Saying Sorry Too Much: Ways to Stop the Pattern
As a woman in my late thirties, I’ve long felt that courtesy is essential, which includes apologizing when I think I’ve made a mistake. Even with a fulfilling life, I’ve faced very low self-confidence. This mix of wanting to respect others and second-guessing my actions has turned me into someone who apologizes frequently. Many times, it happens so automatically that I’m unconscious of it. It stems from anxiety and has influenced both my personal and work life. It annoys my loved ones and colleagues, and then I get upset when they bring it up—which only worsens my anxiety.
Speaking in Public and Inquiring
This over-apologizing is especially problematic when it comes to public speaking or posing queries in front of people.
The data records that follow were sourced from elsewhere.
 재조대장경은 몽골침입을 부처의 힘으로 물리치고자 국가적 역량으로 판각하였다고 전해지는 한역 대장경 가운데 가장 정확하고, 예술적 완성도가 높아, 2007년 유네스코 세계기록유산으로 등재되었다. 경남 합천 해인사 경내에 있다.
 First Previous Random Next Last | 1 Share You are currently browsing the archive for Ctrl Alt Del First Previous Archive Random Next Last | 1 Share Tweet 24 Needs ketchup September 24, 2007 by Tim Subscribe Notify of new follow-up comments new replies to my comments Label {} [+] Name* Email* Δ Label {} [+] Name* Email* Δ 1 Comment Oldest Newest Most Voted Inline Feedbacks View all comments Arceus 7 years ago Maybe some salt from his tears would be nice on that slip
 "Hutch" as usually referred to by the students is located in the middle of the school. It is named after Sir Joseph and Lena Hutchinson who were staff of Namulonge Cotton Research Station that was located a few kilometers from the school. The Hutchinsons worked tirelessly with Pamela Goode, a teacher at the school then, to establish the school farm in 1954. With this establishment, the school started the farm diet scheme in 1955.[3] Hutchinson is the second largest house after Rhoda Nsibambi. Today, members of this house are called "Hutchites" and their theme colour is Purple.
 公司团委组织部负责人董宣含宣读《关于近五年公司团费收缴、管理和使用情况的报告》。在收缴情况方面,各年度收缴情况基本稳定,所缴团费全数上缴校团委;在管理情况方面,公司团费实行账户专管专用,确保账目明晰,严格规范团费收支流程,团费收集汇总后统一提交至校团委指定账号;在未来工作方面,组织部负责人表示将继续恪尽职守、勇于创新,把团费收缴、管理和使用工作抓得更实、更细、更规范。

I try to write everything down to stay on track and avoid going off-topic, but even that fails most of the time. As an early-career academic in politics, speaking with confidence is crucial. I’ve attempted to tackle this through gradual exposure, such as teaching classes and forcing myself to ask questions at open forums, despite experiencing embarrassments from established male academics. I’ve also tried waiting before speaking to become more aware of when I’m apologizing, but this only works at first before I return to old habits.
Self-Acceptance
I doubt I’ll ever fully like myself, and I’ve accepted with that. I still appreciate life and find it rewarding. My main goal is to reduce the frequent sorrys. I’ve learned that professional help might support me, but I wonder how it can help in practice.
Apologizing is a useful skill, but it must be used wisely. Too infrequent or too much, and you place a strain on others.
Understanding the Roots
A therapist might explore where this urge comes from. Questions like, “How young were you when this started?” or “Was it self-inspired or learned from someone close to you?” Sometimes, childhood behaviors that once served us well become unhelpful in later years.
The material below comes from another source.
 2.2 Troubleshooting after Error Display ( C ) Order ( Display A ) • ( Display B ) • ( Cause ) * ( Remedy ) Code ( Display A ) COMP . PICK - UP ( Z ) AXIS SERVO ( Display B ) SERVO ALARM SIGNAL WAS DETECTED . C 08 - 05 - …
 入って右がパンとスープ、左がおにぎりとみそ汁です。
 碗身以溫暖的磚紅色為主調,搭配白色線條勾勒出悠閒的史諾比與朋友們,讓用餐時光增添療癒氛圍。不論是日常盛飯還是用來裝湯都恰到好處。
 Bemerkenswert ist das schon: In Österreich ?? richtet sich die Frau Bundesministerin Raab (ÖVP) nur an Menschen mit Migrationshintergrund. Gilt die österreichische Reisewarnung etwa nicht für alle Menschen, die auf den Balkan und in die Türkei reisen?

In fact, some of your current behaviors could be seen as holding yourself back. You realize it bothers those around you, yet you keep doing it.
How Therapy Can Help
When asked what professional guidance could do, one approach focuses on staying present rather than acting. Much of effective counseling is about understanding yourself, not just addressing problems. A experienced counselor will supportively question you, offering a secure environment to explore and accept who you are.
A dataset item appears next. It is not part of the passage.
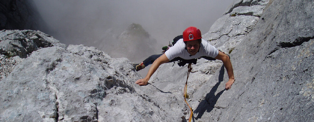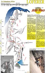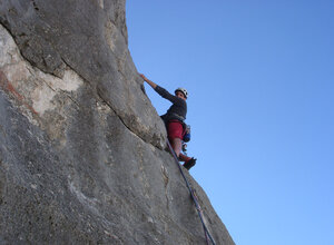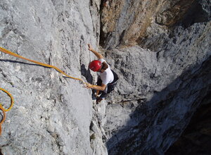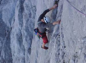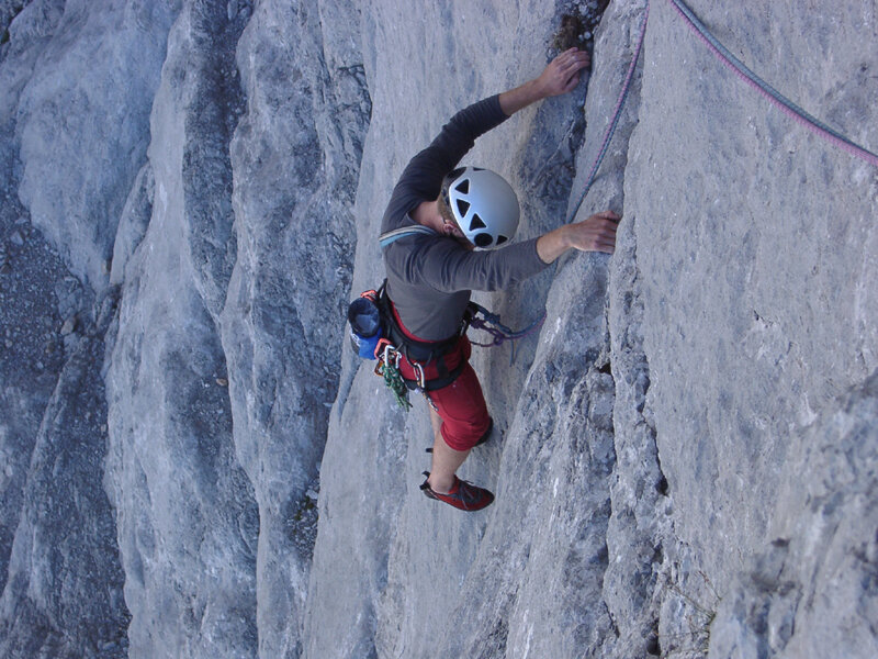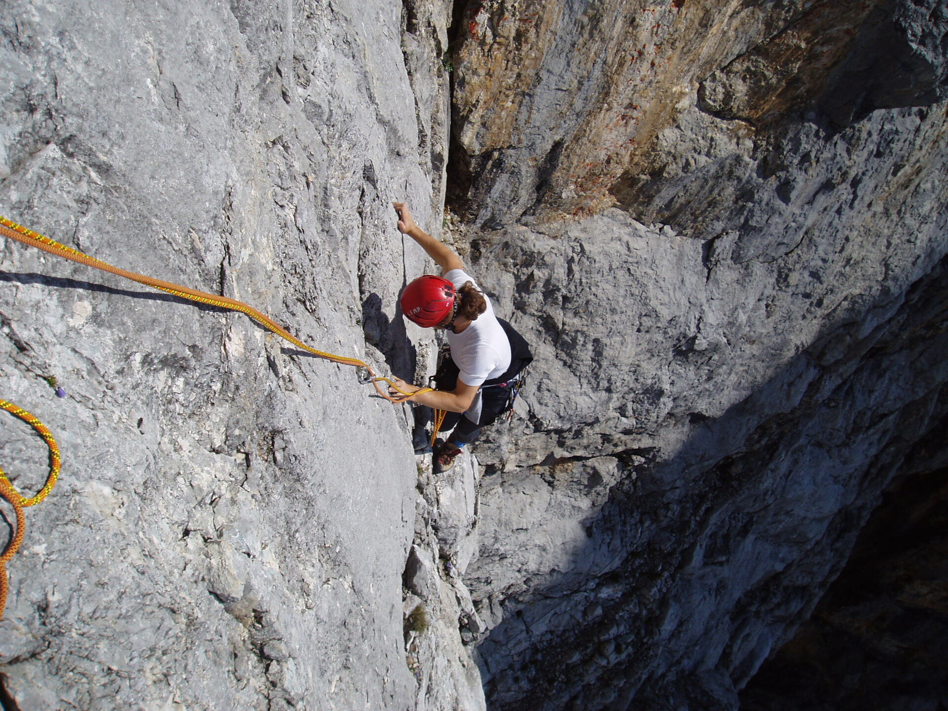 Eine der schönsten, alpinen Sportkletterrouten in der Region. Homogene Schwierigkeiten vom ersten Klettermeter an. Einzig die Unterbrechung nach der 5. SL durch die sogenannte Gipfelrinne verhindert eine Kletterei ganz großen Formats.

Instead of direct confrontation, a relational approach with a person-centered counselor might be more helpful. This can help you return to yourself and examine how you treat, dismiss, and invalidate yourself. It can assist in noticing self-criticism, breaking it, and finding more kind ways to see things. Your self-esteem can improve from there.
Useful Strategies
Changing deep-seated habits is difficult, especially in tense situations when apologizing feels like a automatic response. But you can start by thinking on how apologizing serves you and what it would be like to not apologize. Often, it’s an effort to avoid embarrassment or vulnerability, by admitting perceived mistakes before others do. This can create a vicious circle of frustration and nervousness.
Even thinking things through can be helpful. Try pausing briefly before responding, or use a alternative statement instead of “I’m sorry.” For example, saying “That makes sense” can make others feel heard without you taking blame.
This approach will take patience, but acknowledging there’s an issue is a crucial first step toward change.